Thursday, January 04, 2007

Inferred Qualities May Be Objective But Not Absolute

Franklin Mason asked a good question in response to my last post on objectivity:
Why can't one hold that knowledge of evil - something itself perfectly objective - is always an inference from those other qualities? Why oppose "inferred quality" with "objective quality"?
In order to answer this, I think we need to be more precise. An inferred quality is inferred using some sort of procedure. For example, the quality of a square of a number is inferred by multiplying the number with itself. However, there may be an infinite number of procedures of inference (e.g., raising X to the power Y, adding 5 to X, associating X apples with Y dollars, etc.), and no procedure is fundamentally privileged.

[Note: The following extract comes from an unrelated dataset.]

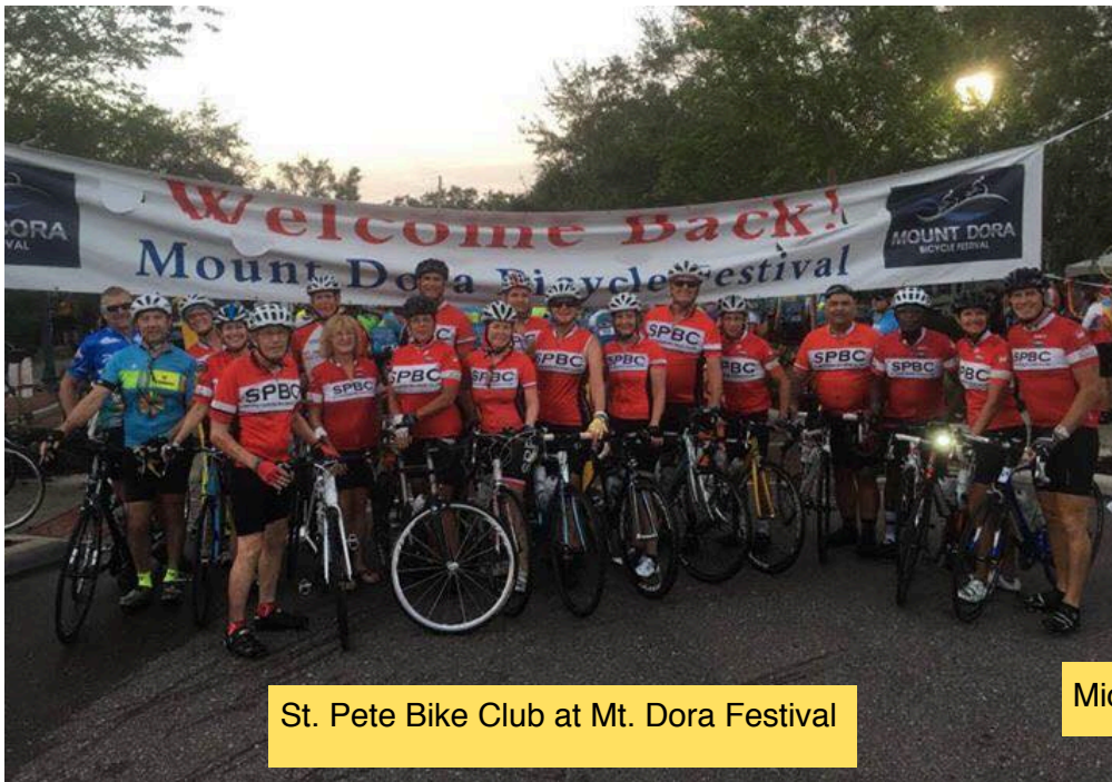
St. Pete Bike Club at Mt. Dora Festival

Now, given a specification for a procedure, I think we can show that the inferred quantity or quality is objective. Indeed, computers actually do this. However, the choice of procedure is not absolute.

If you infer from an act that the act was good, and I infer that the act was evil, we are simply using different procedures. That procedure may be rule-based or some very complex function of brain chemistry. Both procedures could be shown to give objective answers to specific questions. However, we have no "meta-procedure" to show that one procedure is fundamentally privileged over the other. We cannot say that my rule-based morality is better than your gut morality because we have no privileged meta-procedure.

For example, if I say that formal morality beats intuition, and you say the opposite, how can we show that one answer is objectively better than the other? Wouldn't that require a meta-meta-procedure of inference which is equally arbitrary?

For another example, I think one could conceivably be sufficiently precise in describing a particular Christian morality that any act can be objectively categorized as good or evil within that moral system. However, why should we choose that Christian morality in the first place? Why not Muslim morality? Clearly, we will need some meta-procedure that prefers Christian morality over Muslim morality. However, any meta-procedure that privileges Christian morality is not privileged unless we assume a meta-meta-procedure. But the meta-meta-procedure isn't privileged, and so on, ad infinitum.

In conclusion, a procedure for inference can be objectively executable, but it cannot be absolutely selectable. This is why morality, being inferred rather than intrinsic, cannot be absolute.